Thursday, March 4, 2010

Daily Practice 63/365

 
Title: "The Golden Mean"
(click to view larger)

Ruth Bernhard talks in her (auto)biography without any sense of  irony of the fact that shortly after she had to stop making photographs in 1976, she started to get some significant recognition of her contributions to photography, along with a number of other women photographers. She goes on to talk about a winter term in 1982 that she spent with Lotte Jacobi and Barbara Morgan at Northwestern University in Illinois. They visited various classes to talk about art, seeing, photography and by the end of term had gathered quite a following of devotees - they used to have quite the entourage whenever they walked across campus.

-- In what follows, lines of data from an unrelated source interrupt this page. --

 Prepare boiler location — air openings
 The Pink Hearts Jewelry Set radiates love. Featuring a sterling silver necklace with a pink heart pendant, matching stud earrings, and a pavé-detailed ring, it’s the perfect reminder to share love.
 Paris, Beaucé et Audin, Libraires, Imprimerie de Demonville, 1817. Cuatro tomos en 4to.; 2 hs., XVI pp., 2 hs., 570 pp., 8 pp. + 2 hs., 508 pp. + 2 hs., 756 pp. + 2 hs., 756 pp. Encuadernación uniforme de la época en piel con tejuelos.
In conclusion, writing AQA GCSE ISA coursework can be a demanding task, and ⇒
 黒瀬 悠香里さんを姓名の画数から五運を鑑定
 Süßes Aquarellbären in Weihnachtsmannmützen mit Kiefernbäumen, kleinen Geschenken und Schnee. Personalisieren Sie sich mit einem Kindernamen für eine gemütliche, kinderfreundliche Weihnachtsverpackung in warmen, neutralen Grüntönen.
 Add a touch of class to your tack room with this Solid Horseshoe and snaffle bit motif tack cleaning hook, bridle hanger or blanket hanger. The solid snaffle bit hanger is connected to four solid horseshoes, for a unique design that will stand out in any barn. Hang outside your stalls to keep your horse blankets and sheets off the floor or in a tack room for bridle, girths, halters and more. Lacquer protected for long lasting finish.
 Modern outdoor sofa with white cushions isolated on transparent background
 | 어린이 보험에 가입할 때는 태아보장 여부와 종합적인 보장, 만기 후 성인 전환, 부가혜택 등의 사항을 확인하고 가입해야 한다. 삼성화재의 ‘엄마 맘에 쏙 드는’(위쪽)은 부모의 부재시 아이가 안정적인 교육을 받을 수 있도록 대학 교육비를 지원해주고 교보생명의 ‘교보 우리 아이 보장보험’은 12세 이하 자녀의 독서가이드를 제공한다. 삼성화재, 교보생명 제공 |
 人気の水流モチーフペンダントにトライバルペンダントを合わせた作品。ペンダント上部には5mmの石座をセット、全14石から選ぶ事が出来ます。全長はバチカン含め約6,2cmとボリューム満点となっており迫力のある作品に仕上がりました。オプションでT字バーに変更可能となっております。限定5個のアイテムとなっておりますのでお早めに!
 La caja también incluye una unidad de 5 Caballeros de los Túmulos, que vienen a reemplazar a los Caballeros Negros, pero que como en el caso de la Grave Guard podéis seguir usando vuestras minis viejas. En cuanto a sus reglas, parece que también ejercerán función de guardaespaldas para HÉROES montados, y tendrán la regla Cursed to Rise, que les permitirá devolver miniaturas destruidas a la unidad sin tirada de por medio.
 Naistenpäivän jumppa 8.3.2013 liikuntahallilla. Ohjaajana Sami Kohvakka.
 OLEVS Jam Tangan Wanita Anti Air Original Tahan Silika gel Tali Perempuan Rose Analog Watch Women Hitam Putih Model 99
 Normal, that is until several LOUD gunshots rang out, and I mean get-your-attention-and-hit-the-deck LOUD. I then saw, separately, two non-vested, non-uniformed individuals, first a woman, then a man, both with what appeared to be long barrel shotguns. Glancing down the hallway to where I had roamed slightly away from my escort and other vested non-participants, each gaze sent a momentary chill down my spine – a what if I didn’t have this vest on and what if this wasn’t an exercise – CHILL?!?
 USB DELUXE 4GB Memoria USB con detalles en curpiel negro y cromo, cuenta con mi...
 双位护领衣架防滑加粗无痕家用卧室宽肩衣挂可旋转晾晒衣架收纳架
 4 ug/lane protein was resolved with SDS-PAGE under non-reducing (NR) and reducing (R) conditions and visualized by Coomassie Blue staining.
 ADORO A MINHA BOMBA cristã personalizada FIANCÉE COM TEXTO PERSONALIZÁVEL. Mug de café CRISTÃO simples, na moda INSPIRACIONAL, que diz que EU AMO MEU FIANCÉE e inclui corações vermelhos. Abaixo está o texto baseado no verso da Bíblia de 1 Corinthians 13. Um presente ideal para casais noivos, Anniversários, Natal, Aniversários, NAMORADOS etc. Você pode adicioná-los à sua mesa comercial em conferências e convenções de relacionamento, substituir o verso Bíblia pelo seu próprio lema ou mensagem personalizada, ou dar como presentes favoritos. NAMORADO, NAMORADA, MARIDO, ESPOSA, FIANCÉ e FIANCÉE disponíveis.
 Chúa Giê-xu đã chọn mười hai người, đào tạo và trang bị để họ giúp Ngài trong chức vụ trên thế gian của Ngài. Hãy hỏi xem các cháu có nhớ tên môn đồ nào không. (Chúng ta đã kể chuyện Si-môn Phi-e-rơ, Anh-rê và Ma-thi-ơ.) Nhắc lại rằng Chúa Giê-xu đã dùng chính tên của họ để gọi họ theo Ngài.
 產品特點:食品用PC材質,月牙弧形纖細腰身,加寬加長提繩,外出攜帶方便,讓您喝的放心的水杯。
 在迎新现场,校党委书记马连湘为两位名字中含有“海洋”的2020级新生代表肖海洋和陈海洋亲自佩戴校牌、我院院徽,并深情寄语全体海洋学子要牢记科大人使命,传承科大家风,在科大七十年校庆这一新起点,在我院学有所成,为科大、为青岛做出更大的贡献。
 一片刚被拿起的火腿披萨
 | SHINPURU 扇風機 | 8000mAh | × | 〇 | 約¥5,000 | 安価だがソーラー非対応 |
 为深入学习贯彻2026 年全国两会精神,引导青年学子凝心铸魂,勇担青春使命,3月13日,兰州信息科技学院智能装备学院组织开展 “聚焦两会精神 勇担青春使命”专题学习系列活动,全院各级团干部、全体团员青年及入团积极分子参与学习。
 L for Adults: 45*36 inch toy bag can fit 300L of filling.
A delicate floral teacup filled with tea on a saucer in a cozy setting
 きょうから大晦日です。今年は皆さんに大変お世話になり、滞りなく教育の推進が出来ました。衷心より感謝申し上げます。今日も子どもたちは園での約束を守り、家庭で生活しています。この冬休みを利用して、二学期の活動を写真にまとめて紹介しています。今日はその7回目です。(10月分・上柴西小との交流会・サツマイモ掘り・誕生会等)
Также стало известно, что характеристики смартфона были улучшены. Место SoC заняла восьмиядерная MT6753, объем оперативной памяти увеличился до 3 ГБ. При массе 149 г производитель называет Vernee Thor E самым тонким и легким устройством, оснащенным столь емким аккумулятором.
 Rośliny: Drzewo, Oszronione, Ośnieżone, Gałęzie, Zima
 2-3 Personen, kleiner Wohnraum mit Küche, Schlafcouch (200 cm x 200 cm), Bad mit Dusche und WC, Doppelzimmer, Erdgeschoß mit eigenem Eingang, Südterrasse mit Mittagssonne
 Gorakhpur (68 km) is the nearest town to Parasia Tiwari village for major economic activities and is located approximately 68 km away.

I marveled at that sense of "small world" while reading the story. In 1982 we were working and studying at the University of Illinois in Champaign-Urbana, just a few hours south of Northwestern University. I must confess at that time I knew nothing of Ruth Bernhard, Lotte Jacobi or Barbara Morgan. But during a visit to the Art Gallery of Ontario, I was quite taken by images made by both Jacobi and Morgan that were on exhibit, and subsequently acquired a small book of photos each had made. Ruth Bernhard is someone whose work I've just become acquainted with quite recently. So in the wonderful fantasy time-shifted reality of the imagination, I was struck by how close I had been in 1982 to perhaps meeting these three photographers, or seeing their work, as I read this story in the Bernhard biography.

Jacobi made a lovely series of photograms she called photogenic drawings. I wanted to make an image tonight along those lines, but instead it seems I challenged the surrealist work of Man Ray and "rayograms".